The al-Buraq Mosque () is a subterranean mosque next to the Western Wall, located in the southwest corner of the Masjid al-Aqsa compound in the Old City of Jerusalem. This mosque is called al-Buraq Mosque because of a ring that is nailed to its wall where Muslims believe Muhammad tied the Buraq that carried him from the al-Haram Mosque to the al-Aqsa Mosque during the Night Journey.

History 
The mosque is located inside the vaulted passage that once led to Barclay's Gate, which is at the south end of the Western Wall. The inside of the gate, which served as an entrance to the compound during the early Islamic period, is currently known as al-Buraq Mosque. The entrance to the underground structure faces north and immediately left of the Moors' Gate (Bāb al-Magharibah).

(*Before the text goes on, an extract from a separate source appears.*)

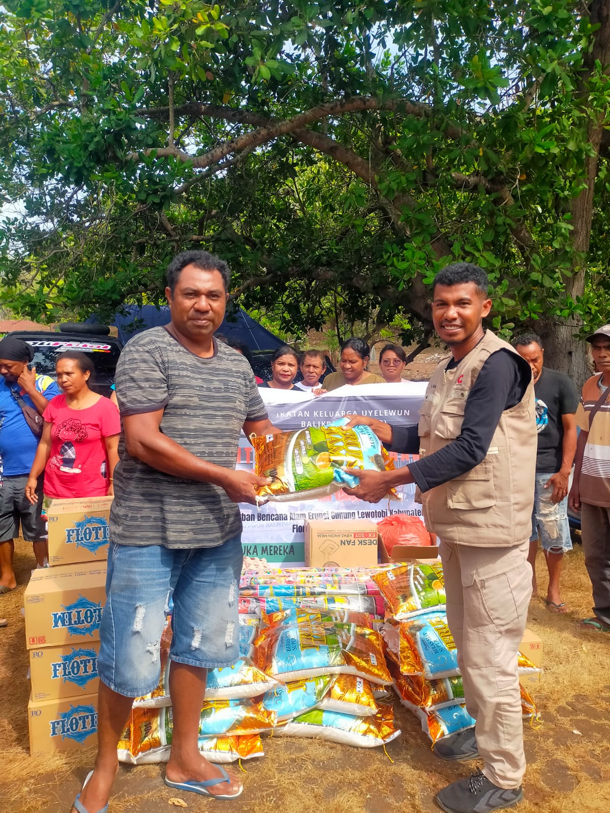 Dalam penyaluran nya beliau menyampaikan ” bantuan ini sebagai bentuk kepedulian dari ikatan keluarga uyelewun balikpapan dalam menyalurkannya langsung kepada para penyintas di lokasi pos pengungsiann mandiri yang didalamnya juga banyak keluarga kita dari lembata.
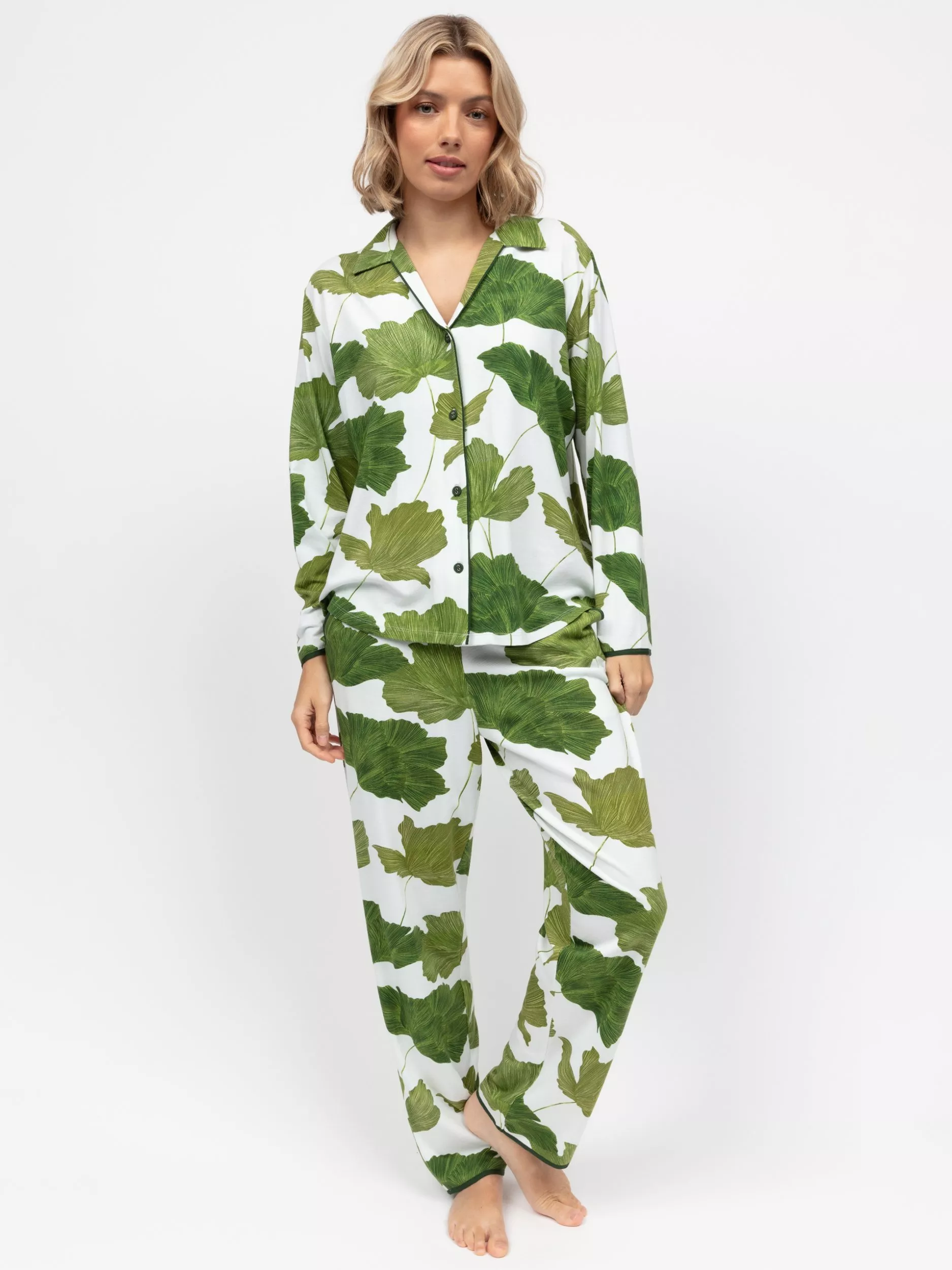 Relax in style with the super-soft cotton-modal-elastane pyjama set, featuring a leafy print and modal trim. The top has a one-piece pointed collar, long sleeves, modal-covered buttons, and a shaped bottom hem. The bottoms offer a flat front, elasticated back waist, adjustable drawstring, and two side pockets, finished with a straight bottom hem for a sleek, comfortable fit.

Temple Mount traditionalists identify Barclay's Gate with the Kiponus Gate, mentioned as the western gate of the outer court in the Mishnah (Middot 3:1). They also suppose that the Kiponus Gate was named after Coponius (AD 6-9), a Roman procurator, thus one of the four gates described by Josephus.

Architecture 
According to Barclay's and his followers' archeological researches, the gate measures 5.06 metres in width and 8.80 metres in height of the doorway, which provides insight into the dimensions of the mosque. According to archeological sites, this gate was used as an entrance to the Temple Mount during the Umayyad period, in connection with structural features, such as the chamfered edge: a distinctive feature of all Umayyad gates in the vicinity, such as the Golden Gate and the Double Gate. A sign outside the mosque indicates that it dates back to the Mamluk period. Overall, the gate passage was in use until some time after AD 985, when it was blocked and changed into a cistern adjacent to al-Buraq Mosque. Even though the main gate of al-Buraq Mosque located in the Western Wall is permanently sealed, the mosque is still accessible for worship from another entrance in the Temple Mount's western portico (riwāq).